→ **Instructions to follow**
In your copy, drop the images and return each record exactly as it stands.
====== Records for this task
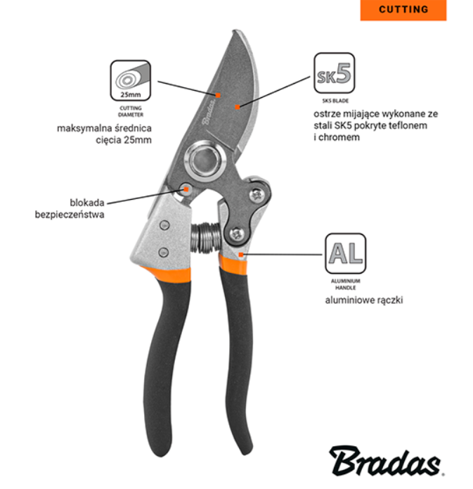 - ostrze: mijające (bypass), stal SK5, powłoka teflonowa + chrom
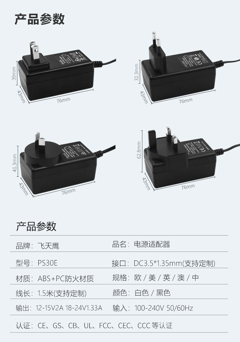 20 years' focus on R&D and manufacturing of power supply飞天鹰电源适配器PS30E
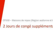 (Région wallonne et COCOM) 2 Jours de congé supplémentaires ! Ce vendredi 18 mai 2018, les partenaires sociaux ont signé une convention collective de travail ( CCT du 18 mai 2018) octroyant des jours de congés supplémentaires de repos à tous les travailleurs des maisons de repos. Nous nous en réjouissons ! Concrètement : Qui…
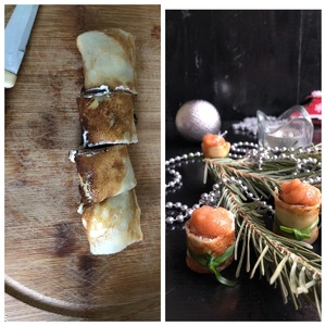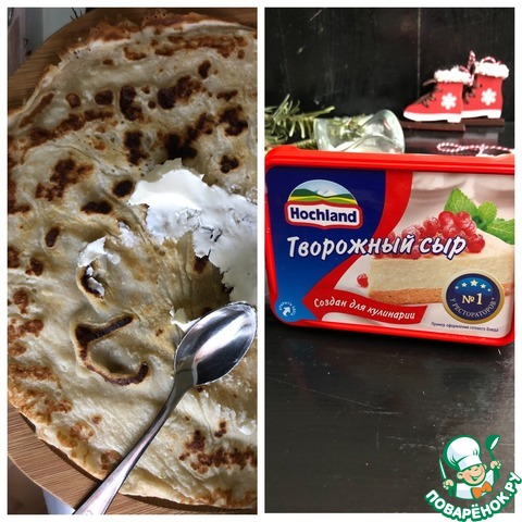 Остывшие блины смазываем щедро творожным сыром и закручиваем блин в рулетик.
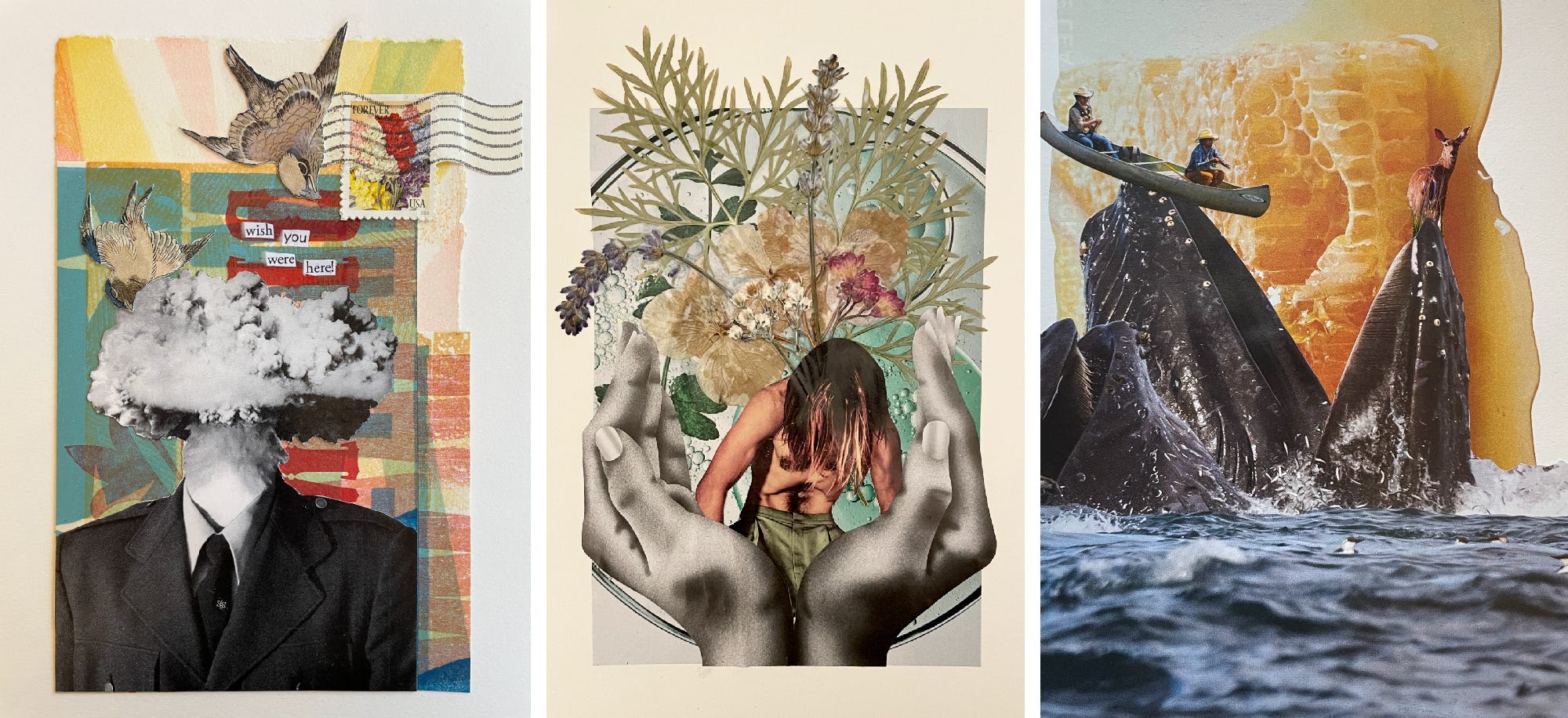 I love the collages. There is an visual idea in all three that I cannot describe (it is foreign to me). So hope you do more and develop your ideas further.
============
→ **Answer below**
 - ostrze: mijające (bypass), stal SK5, powłoka teflonowa + chrom
 20 years' focus on R&D and manufacturing of power supply飞天鹰电源适配器PS30E
 (Région wallonne et COCOM) 2 Jours de congé supplémentaires ! Ce vendredi 18 mai 2018, les partenaires sociaux ont signé une convention collective de travail ( CCT du 18 mai 2018) octroyant des jours de congés supplémentaires de repos à tous les travailleurs des maisons de repos. Nous nous en réjouissons ! Concrètement : Qui…
 Остывшие блины смазываем щедро творожным сыром и закручиваем блин в рулетик.
 I love the collages. There is an visual idea in all three that I cannot describe (it is foreign to me). So hope you do more and develop your ideas further.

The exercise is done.